Leichenfunde in Kenia: Massenmorde im Namen Jesu

Ein christlich-fundamentalistischer Sektenführer in Kenia predigte Todesfasten, um Jesus Christus näherzukommen. Über 100 Kinder verhungerten.

Uniformierte mit einer Trage

Polizisten bergen die Toten von Shakahola Foto: ap

BERLIN taz | Wer lässt die eigenen Kinder und Enkel verhungern und verdursten und erstickt sie, wenn sie nur noch Haut und Knochen sind? Anhängern der christlich-fundamentalistischen „Good News International Church“ in Kenia wird dies vorgeworfen, und das ganze Land ist entsetzt, seit Mitte April die Polizei vier tote und elf halbtote Menschen aus einem Waldstück barg, das zur Farm des Sektenführers Paul Mackenzie Nthenge gehörte – ein Fernsehprediger, der Todesfasten predigte, um im Jenseits Jesus Christus zu treffen. Seine Fans nahmen das wörtlich – jedenfalls für ihre kleinen Kinder und Enkel.

Mittlerweile wurden 109 Leichen im Wald von Shakahola geborgen. Am Dienstag wurde Mackenzie einem Haftrichter vorgeführt, des Terrorismus angeklagt und in ein Hochsicherheitsgefängnis in der Küstenmetropole Mombasa gebracht – wie sonst nur islamistische Terroristen. „Was wir in Shakahola sehen, gleicht dem Terrorismus“, erklärte vergangene Woche Kenias Präsident William Ruto und sagte allen den Kampf an, die „im Namen von Religion inakzeptable Ideologien verbreiten“.

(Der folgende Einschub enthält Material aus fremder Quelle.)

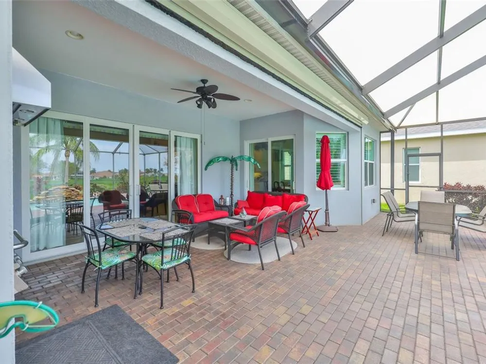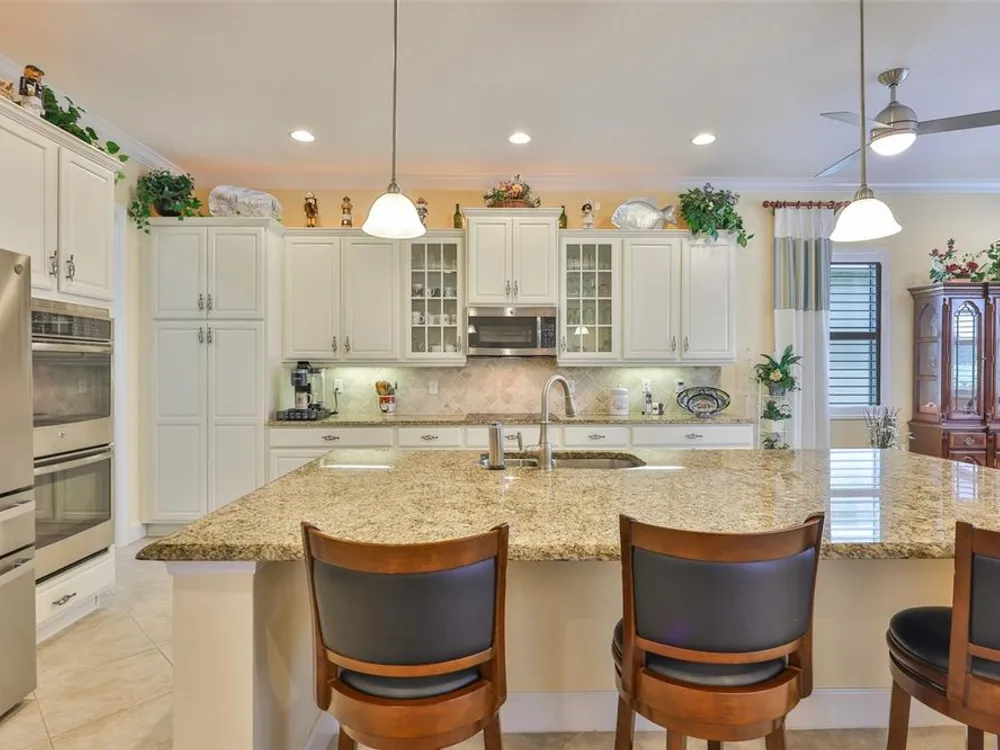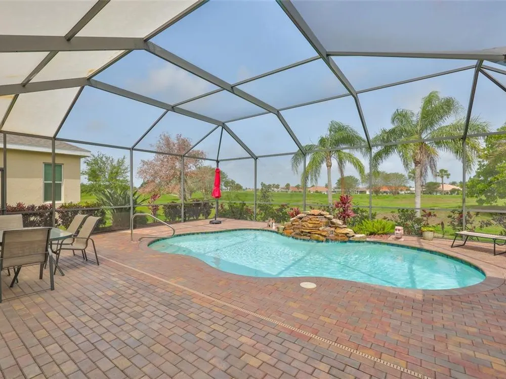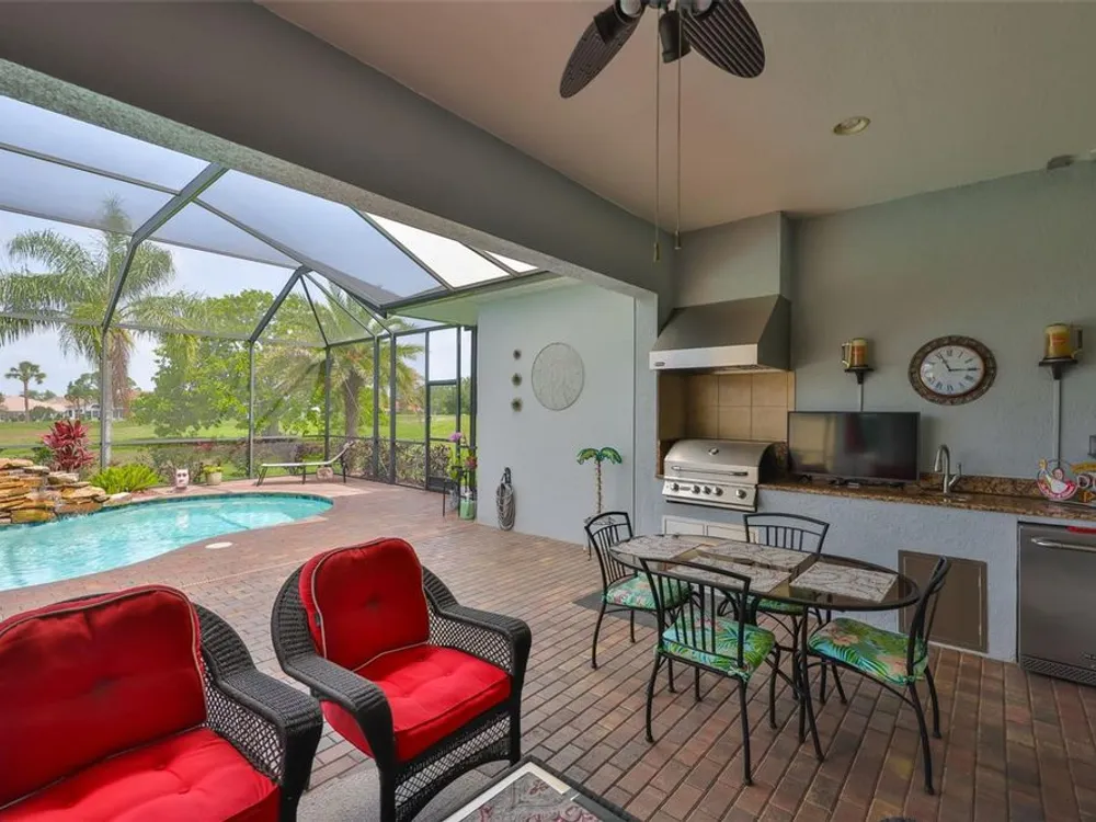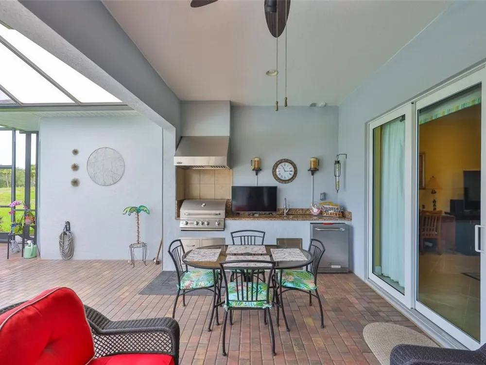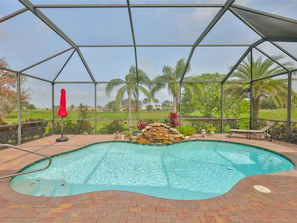CLICK ON 3D TOUR ABOVE ------- STUNNING HOME FEATURING 3 CAR GARAGE, IMPACT WINDOWS, HEATED SALT WATER POOL, 2 PRIVATE OWNERS' SUITES, NEW ROOF (2025) PLUS UPGRADES GALORE!! (COMPLETE LIST OF ALL UPGRADES IS AVAILABLE). Welcome to active retirement living in the premier 55+ GATED COMMUNITY of Verona, where you'll feel like you're on vacation every day! This immaculate and perfectly maintained 2 bedrooms & 2 1/2 bathrooms "MONTECITO" model offers almost 2400 sq ft of modern open living space. You'll love the elegant touches throughout, such as crown molding, coffered & tray ceilings, plantation shutters & custom window treatments (2020), tasteful decor and ceramic tile & hardwood flooring. The gourmet eat-in kitchen is a cook's dream with 42 inch white cabinetry w/pullouts, stainless appliances that include a double wall oven & induction cooktop (2022), granite counters and huge island for extra seating. The large great room is the perfect space for all your entertainment needs and allows your guests easy access to the lanai area. The den/office has beautiful custom built-in work spaces & bookshelves. For an added bonus, this home has 2 private owners' suites, both with plenty of closet space and lovely ensuite bathrooms. When you want to relax, retreat to your very own private oasis in the extended lanai that features a gorgeous heated salt-water pool w/custom waterfall, built-in outdoor kitchen w/gas grill, refrigerator & sink, plus a covered area for entertaining that has an impact screen for storm protection. HVAC WAS REPLACED 2023 AND WATER HEATER 2025. The new owner will have access to both Club Renaissance, where you can enjoy dining, drinks, fitness classes, spa, social activities PLUS all Sun City amenities such as shopping, restaurants, banking, doctors, numerous social clubs, pickleball and so much more, all accessible by golf cart. So come and view this beauty today and see why you'll want to call it home!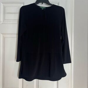 Keywords: Lauren Ralph Lauren, women's blouse, black blouse, peplum hem, keyhole neckline, long sleeve, casual wear, fall fashion, machine washable, polyester blend, elegant top, versatile blouse, regular fit, solid pattern, pre-owned.

Christliche Fundamentalisten sind in vielen Ländern der Welt mindestens genauso einflussreich und todbringend wie ihre islamistischen Gegenstücke. Nach Paul Mackenzie wurde in Kenia ein weiterer bekannter evangelikaler Prediger verhaftet: Ezekiel Odero, zu dessen „New Life Prayer Centre and Church“ sogar die Ehefrau des Vizepräsidenten gehört.

Einige der in Shakahola geborgenen Leichen sollen auf Oderos Farm gekühlt worden sein, bevor sie im Wald von Shakahola begraben wurden. Dort predigte Mackenzie nicht nur Todesfasten, er erklärte auch Schulen und Krankenhäuser zur Sünde, ebenso elektronische Zahlungsmethoden, alles Bestandteile eines modernen kenianischen Lebensstils.

An Hinweisen auf die Vorgänge mangelte es nicht

Haben Kenias Behörden zu lange weggesehen? Mackenzie wurde erstmals 2017 festgenommen, weil er in seiner Kirche Kinder festgehalten hatte, und erneut 2019 wegen Hasspredigten gegen andere Religionen. Im gleichen Jahr kam einer seiner Prediger, dessen drei kleine Kinder an unbehandelter Tuberkulose und Unterernährung litten, vor Gericht. Alle Verfahren endeten mit Freispruch. Ungestört konnte Mackenzie aus der Touristenhochburg Malindi am Indischen Ozean, wo er lebte, wegziehen und sich der Aufmerksamkeit entziehen – auf der Farm von Shakahola, 70 Kilometer entfernt.

An Hinweisen über seltsame Vorgänge auf der Farm mangelte es nicht. Noch am 23. März ließ ein Gericht in Malindi den Sektenchef gegen eine Kaution von umgerechnet 67 Euro laufen, nachdem die Polizei einem Hinweis über zwei tote Kinder auf seiner Farm nicht vor Ort nachgegangen war. Aber als sich einige Wochen später Dorfbewohner von Shakahola mit Sektenangehörigen auf dem Markt stritten, griff die Polizei erneut ein, erfuhr von dem Massenverhungern und sah nach. Nun rollt die Aufarbeitung des Horrors.